Many shows on its 58-podcast roster are long-running Slate staples —such as the Political Gabfest and Culture Gabfest. Others are made in partnership with outside news organizations, such as the New York Times, New York Magazine, and Popular Science, which are choosing to take advantage of the platform Panoply offers rather than develop their own podcasting operations from scratch. (Vox’s own The Weeds podcast debuted on the network in September).

Gimlet Media — the startup featured in season one of StartUp — is, at least for now, a smaller operation, with just four shows in production. But its founder’s reputation and his idea of the company as an "HBO for podcasts" have attracted keen interest from investors.

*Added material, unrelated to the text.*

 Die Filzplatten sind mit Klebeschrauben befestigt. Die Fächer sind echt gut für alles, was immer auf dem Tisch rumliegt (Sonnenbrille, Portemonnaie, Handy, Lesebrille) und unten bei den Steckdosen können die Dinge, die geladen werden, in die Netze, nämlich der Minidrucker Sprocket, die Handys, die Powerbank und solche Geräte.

Chris Sacca, an early backer of Twitter and Uber, was one of the first investors in the company. Just this month, Gimlet raised $6 million in Series A financing round that valued it at $30 million. Of that, $5 million came from Panoply’s parent company, Graham Holdings, former owner of the Washington Post.

The latest investment — discussed at length in a recent StartUp episode — will allow the company to add eight new shows and triple its headcount from 25 to 75 employees.

Podcasts may not replace radio talk any time soon. Live radio, live TV, and their streaming equivalents seem likely to dominate key niches like breaking news and sports into the future.

But smartphones and car integration mean podcasts will finally exist right beside radio, giving many more listeners a chance to choose between them. Some of radio’s top producers — along with some savvy investors — are betting they’ll choose podcasts more often.

Correction: This story originally misidentified This American Life as a National Public Radio program. It's actually produced by WBEZ and distributed by the Public Radio Exchange.